Naw Doh with a group of Karen children at the beach. (Courtesy of Clara Rebecca Winkler)
“They need to learn, because one year the Karen language could be gone,” she said, noting that some Karen children have lost touch with the language and can’t communicate with their parents. “It’s really scary.”
In addition to the translation and social services that KCAP provides, the association also helps set up community events around Philadelphia for Karen people. Many of them are avid gardeners and grow their native foods in their backyards and also at community farms, like Reinhardt and Novick.
“The garden is very important for us”
In late September, on a sunny Saturday afternoon at FDR Park, the KCAP organized a potluck for the community — offering fruits and foods that you’ve likely never heard of. There were sour leaves and hyacinth beans. Kids played and ran around.
“Everything they grow is tropical, Southeast Asian vegetables,” said Clara Varadi-True, the director of operations at Novick Urban Farm. The Farm has been working with Karen people for over a decade.

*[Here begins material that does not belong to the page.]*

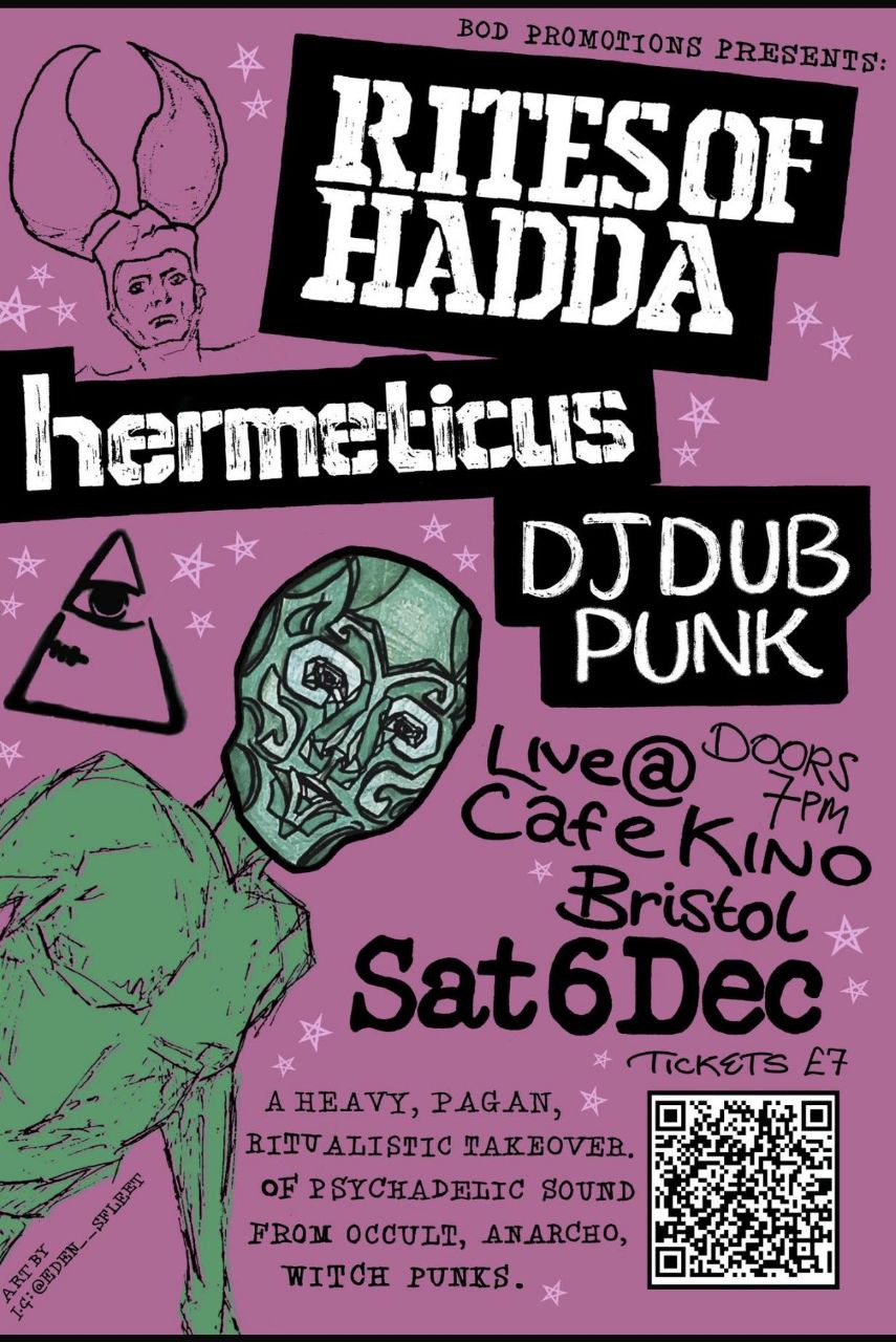 RITES OF HADDA and Hermeticus will be backed by DJ Dub Punk at a Bristol gig on 6 December – for a show at which “hundreds of anarcho-punk images” will be digitally projected, to deliver a “psychedelic immersive anarcho-punk experience not to be missed”.

“Philadelphia is really hot and humid,” Varadi-True explained. “I think it’s a great answer to climate change. That’s been what I’ve been talking about for the last few years, is that some of these vegetables grow better than traditional American vegetables in dirt.”
A potluck with foods made by the Karen community. (Courtesy of Clara Varadi-True)
At the potluck, there was an array of fried foods, meats, veggies, salads, noodles and spicy sauces. Working with soil is an important way for Karen people in the city to maintain culture and find connection with their home.
“The garden is very important for us,” Naw Day said. “It makes us happy.”
For Gay Lay, farming and growing produce is essential. She has 19 grandchildren, and nine great grandchildren. She is an avid farmer, working with Reinhardt Garden. She also has a plot in her backyard.
“I love everything. I want to plant everything,” she said. “In my backyard. I squeeze in everything, even in tight corners.”
While the KCAP is still new, working with other organizations and giving Karen people the support they need has been impactful. Winkler said that even though their funding is limited, Karen community members like Naw Doh and Naw Day have worked hard to improve lives.
“It seemed really important for folks to be able to lead their own organization,” she said. “When communities are actually given resources themselves and can decide how to distribute them, and they’re actually on the ground and part of the community that they’re serving, they can do incredibly effective work.”